From the entries below, write out exactly the lines between the line holding "La espuma limpiadora" and the line holding "昨日に引き続き、本日も完売致しました。 2025年12月21日 17:22", inclusive, excluding any pictures.

TASK MATERIAL
━━━━━━━━━━━━━━━━
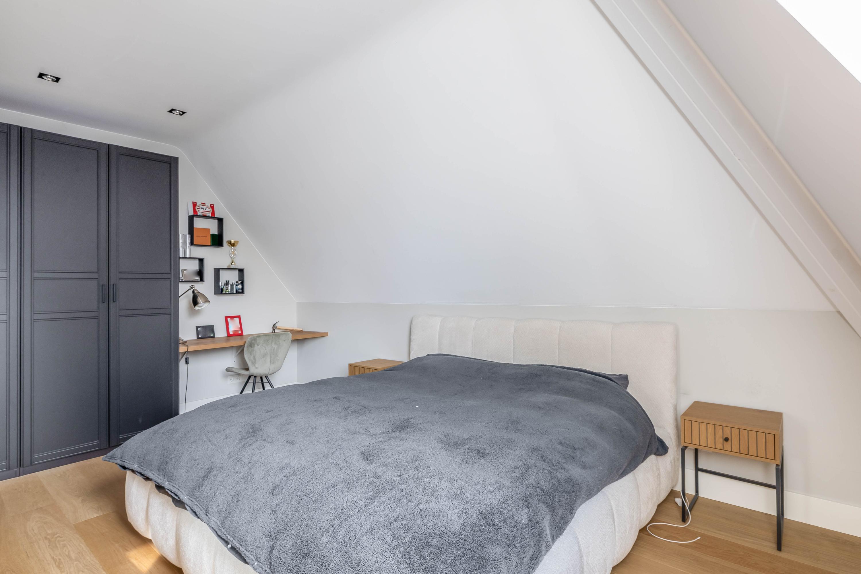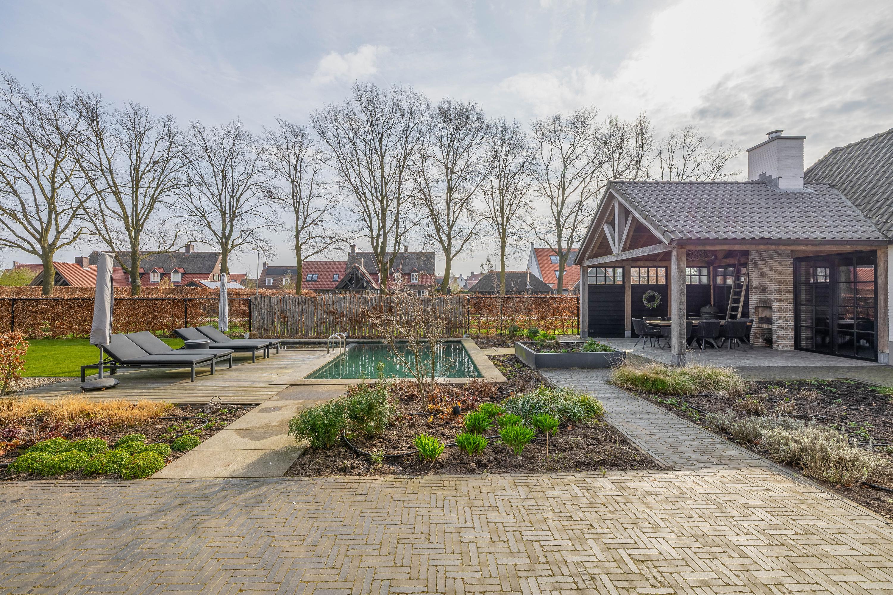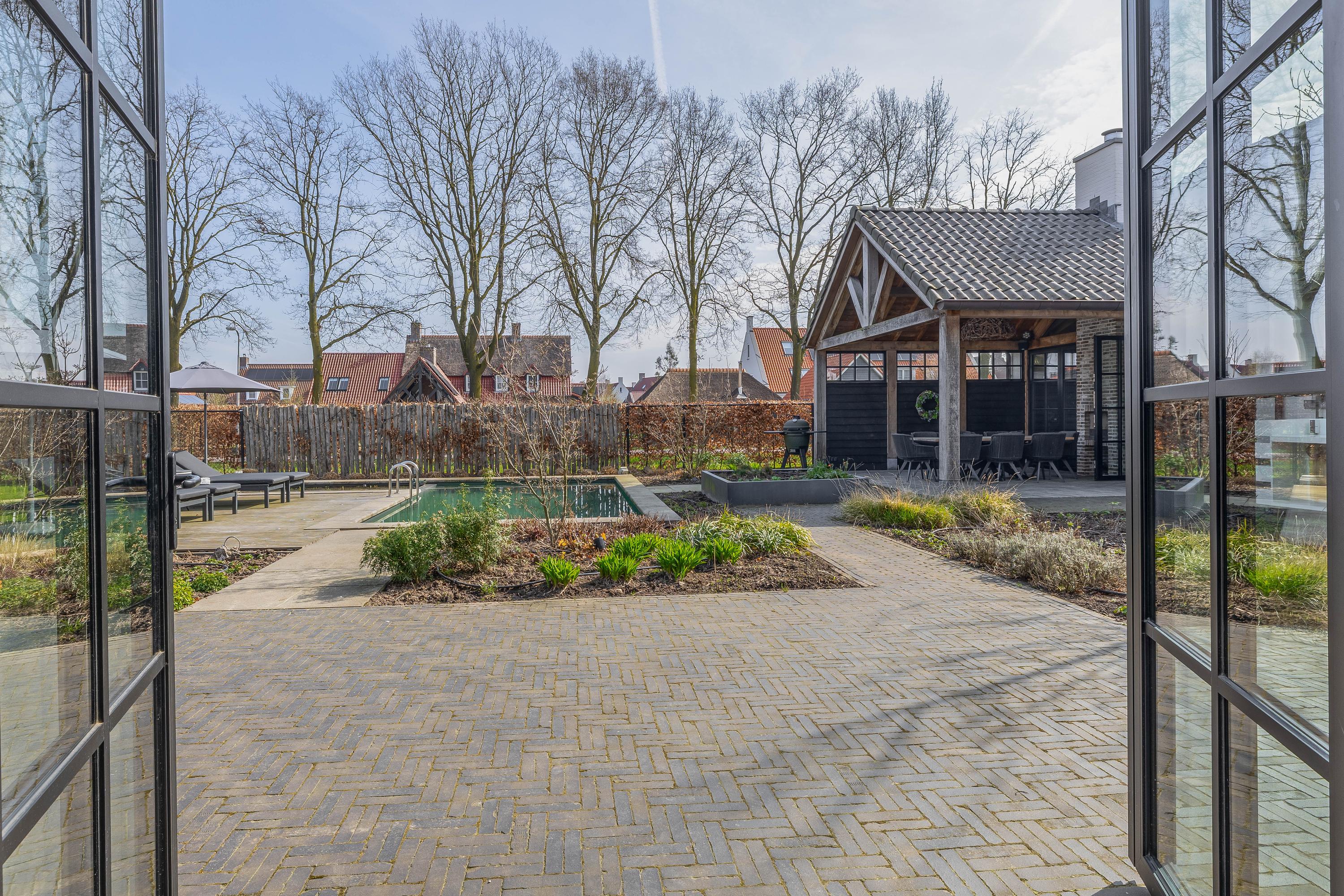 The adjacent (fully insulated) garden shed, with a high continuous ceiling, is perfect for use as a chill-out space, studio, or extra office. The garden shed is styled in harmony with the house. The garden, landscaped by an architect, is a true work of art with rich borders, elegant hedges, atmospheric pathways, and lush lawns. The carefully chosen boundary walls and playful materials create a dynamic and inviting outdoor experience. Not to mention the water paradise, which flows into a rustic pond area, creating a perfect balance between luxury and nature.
━━━━━━━━━━━━━━━━
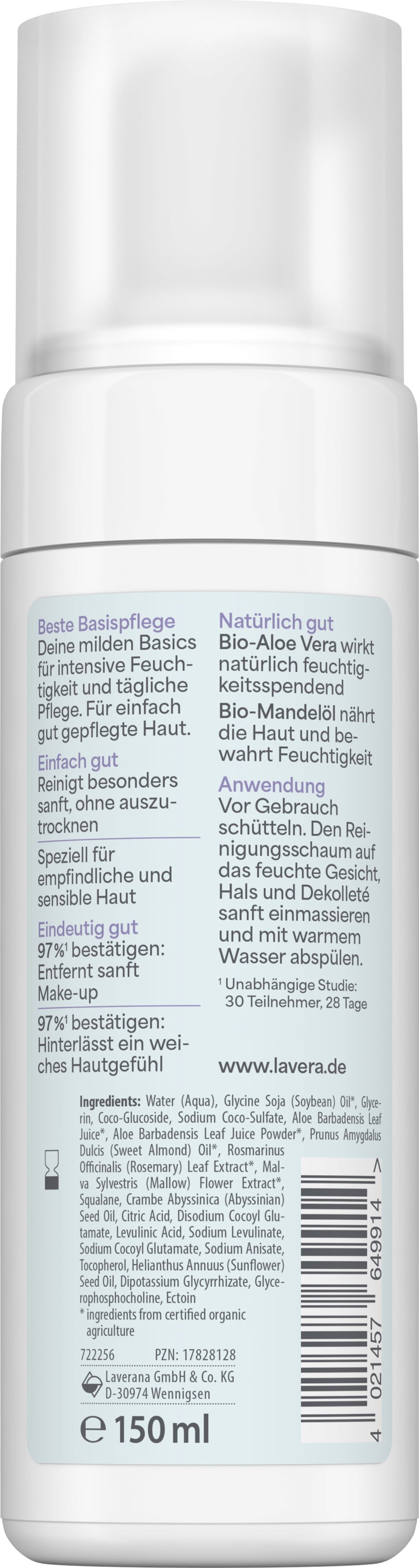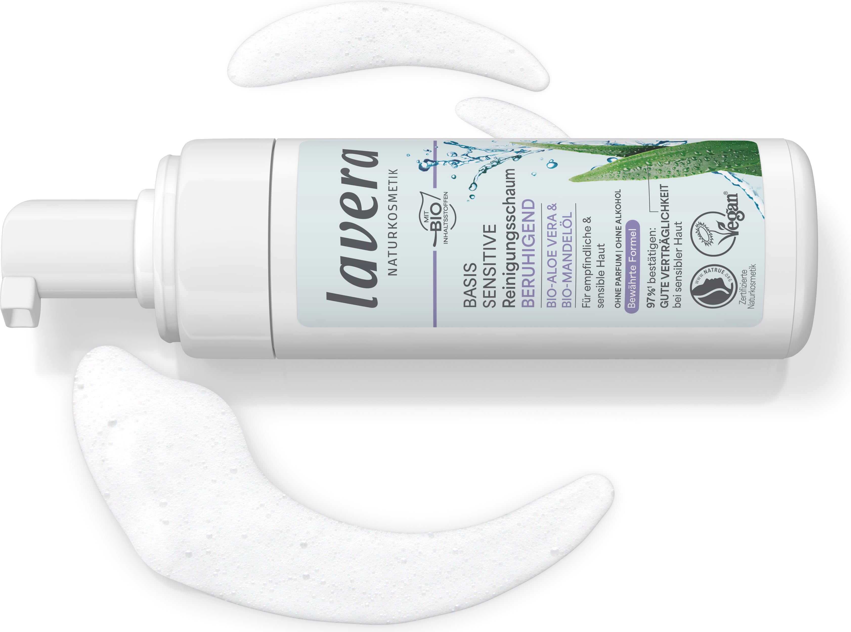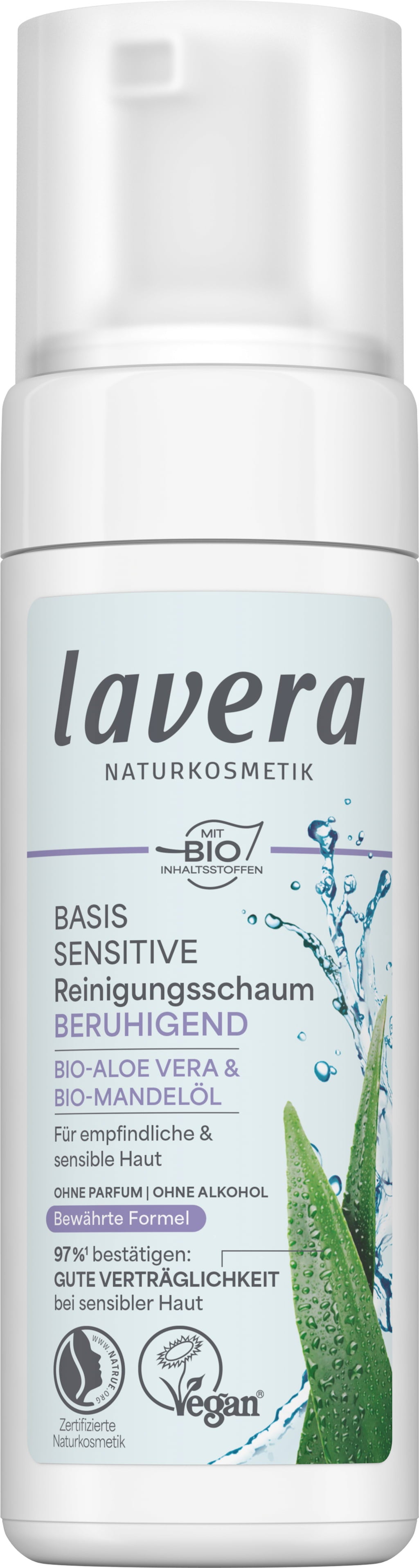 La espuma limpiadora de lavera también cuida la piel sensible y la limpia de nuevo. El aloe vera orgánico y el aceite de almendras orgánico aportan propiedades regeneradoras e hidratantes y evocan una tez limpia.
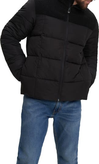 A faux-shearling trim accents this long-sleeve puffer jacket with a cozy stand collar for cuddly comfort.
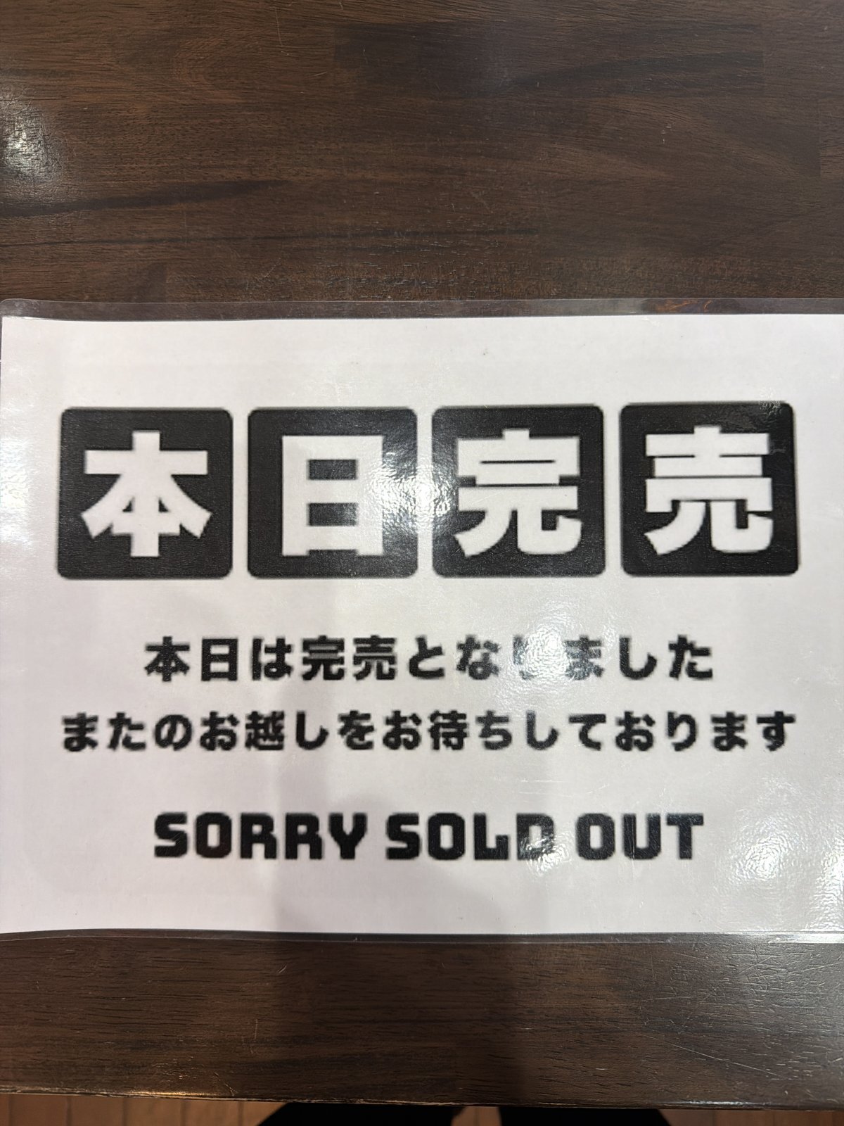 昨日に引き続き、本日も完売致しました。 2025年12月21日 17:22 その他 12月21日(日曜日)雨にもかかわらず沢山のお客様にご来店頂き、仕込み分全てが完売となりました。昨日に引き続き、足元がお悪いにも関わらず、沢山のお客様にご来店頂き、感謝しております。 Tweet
━━━━━━━━━━━━━━━━
RESPONSE
 La espuma limpiadora de lavera también cuida la piel sensible y la limpia de nuevo. El aloe vera orgánico y el aceite de almendras orgánico aportan propiedades regeneradoras e hidratantes y evocan una tez limpia.
 A faux-shearling trim accents this long-sleeve puffer jacket with a cozy stand collar for cuddly comfort.
 昨日に引き続き、本日も完売致しました。 2025年12月21日 17:22 その他 12月21日(日曜日)雨にもかかわらず沢山のお客様にご来店頂き、仕込み分全てが完売となりました。昨日に引き続き、足元がお悪いにも関わらず、沢山のお客様にご来店頂き、感謝しております。 Tweet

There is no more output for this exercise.